**WHAT THIS TASK INVOLVES**.
Starting at the first line of the entries below, restate each line exactly until you reach the line with "La Agrupación Aparición", and print that one too. Leave the pictures out and stop there.

(Data extracted from a collection)
________________________
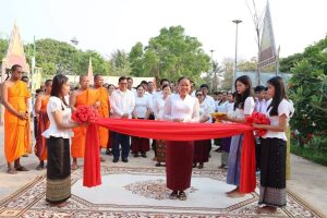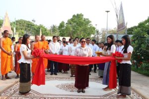 ជំទាវបន្តថា ពិធីកាត់ខ្សែបូសម្ពោធឆ្លងសមិទ្ធផលនានា នាពេលនេះ បានឆ្លុះបញ្ចាំងឲ្យឃើញអំពីវឌ្ឍនភាព ជំនឿសាសនា និងការគោរពប្រណិប័តដ៏ជ្រាលជ្រៅ ចំពោះវិស័យព្រះពុទ្ធសាសនា ដែលជាសាសនារបស់រដ្ឋ ព្រមទាំងបង្ហាញឲ្យឃើញនូវស្មារតីសាមគ្គីភាព មិត្តភាព និងការគាំទ្ររបស់បងប្អូនប្រជាពលរដ្ឋយើងចំពោះកិច្ចខិតខំប្រឹងប្រែងរបស់រាជរដ្ឋាភិបាលក្នុងការអភិវឌ្ឍប្រទេសជាតិទាំងផ្នែកពុទ្ធចក្រ និងអាណាចក្រប្រកបដោយភាពសុខដុមរមនា ដែលមិនអាចកាត់ផ្តាច់ពីគ្នាបានឡើយ។
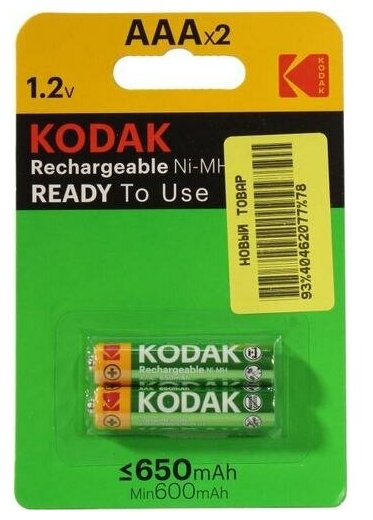 Отзывы на Аккумулятор Kodak, Ni-Mh, Aaa, Hr03-2bl, 1.2В, 650 мАч, блистер, 2 шт. Kodak 1804446
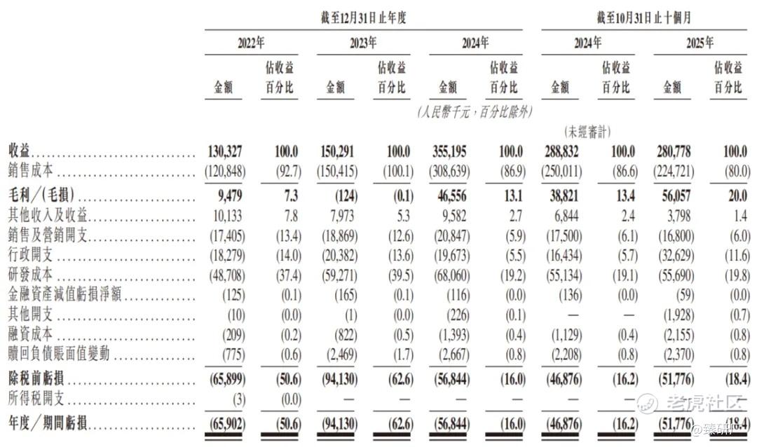 亏损方面,尽管公司仍处于净亏损状态,但亏损幅度持续收窄。2024年净亏损同比收窄39.6%,净亏损率已由2022年的50.6%收窄至2025年前10个月的18.4%,主要得益于毛利率的提升以及营收规模扩大对研发费用的摊薄作用。
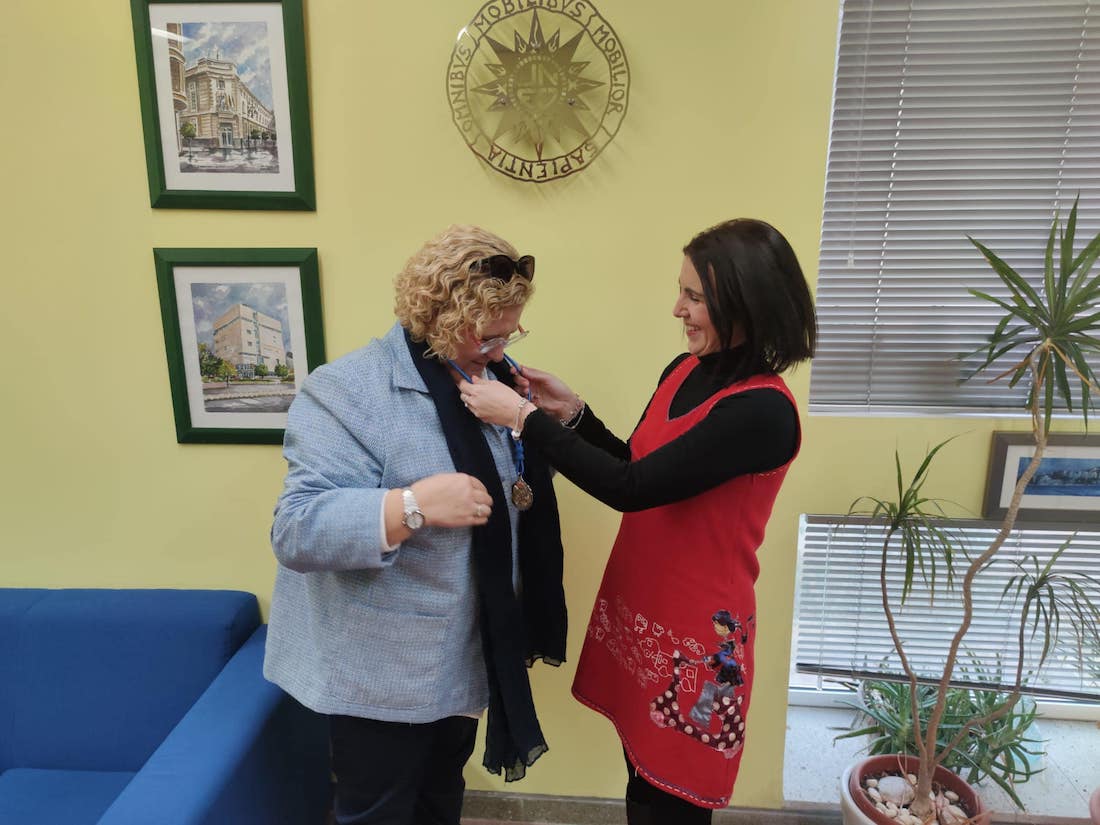 La Agrupación Aparición de Jesús a los Apóstoles en el Lago Tiberiades ha nombrado a la directora de la UNED (Universidad Nacional de Educación a Distancia) de Cartagena como madrina. Por este motivo la presidenta del colectivo procesionista, María José Conesa Cegarra, le hizo entrega de la medalla de la cofradía, con la cual desfilará el próximo Domingo de Resurrección delante del trono de dicha agrupación.
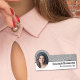 This professional name tag features template name and title in black text on a white background surrounded by faux silver glitter with a template photo in an oval on the left. Personalise the text fields or edit using the design tool to select a font style, size, and colour you prefer. Replace the placeholder photo with yours. A close-up square photograph works best. You can also add this design, where it fits appropriately, like on the luggage tag in the transfer scroll bar on this page.
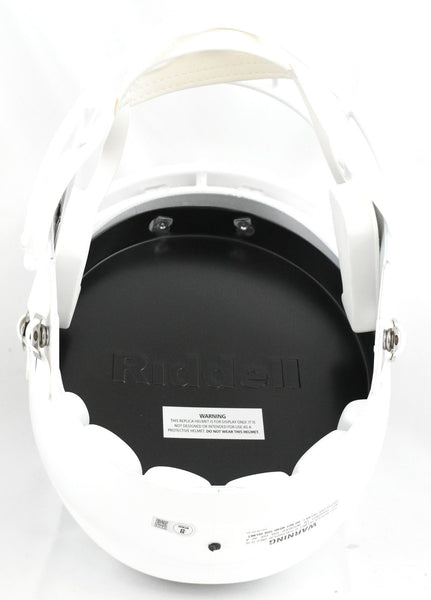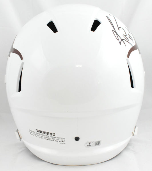 This is a Ricky Williams of the Texas Longhorns autographed Riddell football full size Speed Replica helmet. Inscribed 98 Heisman. This item has a Beckett Witnessed Authentication, which comes with a numbered hologram and a QR code for verification. You can view this item on the Beckett Authentication website, and it shows when and where the item was signed. It was signed either at a public autograph appearance or a private signing. This is a stock photo of the item. Although you may not receive this exact item, the item you receive is virtually identical, brand new, and in great shape. *Autograph location may vary* This is a Ricky Williams of the Texas Longhorns autographed Riddell football full size Speed Replica helmet. Inscribed 98 Heisman. This item has a Beckett Witnessed Authentication, which comes with a numbered hologram and a QR code for verification. You can view this item on the Beckett Authentication website, and it shows when and where the item was signed. It was signed either at a public autograph appearance or a private signing. This is a stock photo of the item. Although you may not receive this exact item, the item you receive is virtually identical, brand new, and in great shape. *Autograph location may vary*
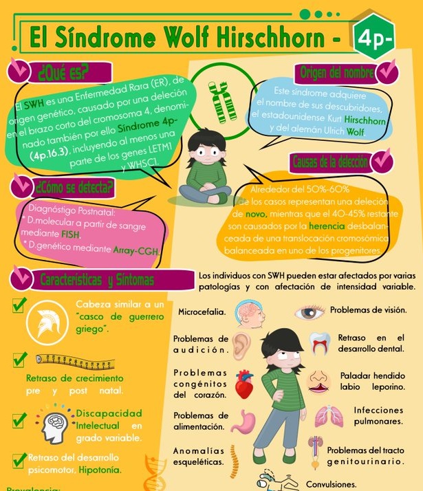 El 16 de abril es el Día Internacional del Síndrome de Wolf-Hirschhorn, una fecha que se conmemora desde 2014 por asociaciones de pacientes de todo el mundo con el objetivo de informar y concienciar a la población sobre esta enfermedad genética rara causada por la pérdida de un fragmento del brazo corto del cromosoma 4 (4p). Esta pérdida puede ocurrir de manera espontánea o ser heredada de uno de los padres que también puede ser portador del síndrome. Ttiene una prevalencia de 1 por cada 50 mil nacimientos, el doble de mujeres que hombres.
________________________
**RESULT OF THE EXERCISE**.
 ជំទាវបន្តថា ពិធីកាត់ខ្សែបូសម្ពោធឆ្លងសមិទ្ធផលនានា នាពេលនេះ បានឆ្លុះបញ្ចាំងឲ្យឃើញអំពីវឌ្ឍនភាព ជំនឿសាសនា និងការគោរពប្រណិប័តដ៏ជ្រាលជ្រៅ ចំពោះវិស័យព្រះពុទ្ធសាសនា ដែលជាសាសនារបស់រដ្ឋ ព្រមទាំងបង្ហាញឲ្យឃើញនូវស្មារតីសាមគ្គីភាព មិត្តភាព និងការគាំទ្ររបស់បងប្អូនប្រជាពលរដ្ឋយើងចំពោះកិច្ចខិតខំប្រឹងប្រែងរបស់រាជរដ្ឋាភិបាលក្នុងការអភិវឌ្ឍប្រទេសជាតិទាំងផ្នែកពុទ្ធចក្រ និងអាណាចក្រប្រកបដោយភាពសុខដុមរមនា ដែលមិនអាចកាត់ផ្តាច់ពីគ្នាបានឡើយ។
 Отзывы на Аккумулятор Kodak, Ni-Mh, Aaa, Hr03-2bl, 1.2В, 650 мАч, блистер, 2 шт. Kodak 1804446
 亏损方面,尽管公司仍处于净亏损状态,但亏损幅度持续收窄。2024年净亏损同比收窄39.6%,净亏损率已由2022年的50.6%收窄至2025年前10个月的18.4%,主要得益于毛利率的提升以及营收规模扩大对研发费用的摊薄作用。
 La Agrupación Aparición de Jesús a los Apóstoles en el Lago Tiberiades ha nombrado a la directora de la UNED (Universidad Nacional de Educación a Distancia) de Cartagena como madrina. Por este motivo la presidenta del colectivo procesionista, María José Conesa Cegarra, le hizo entrega de la medalla de la cofradía, con la cual desfilará el próximo Domingo de Resurrección delante del trono de dicha agrupación.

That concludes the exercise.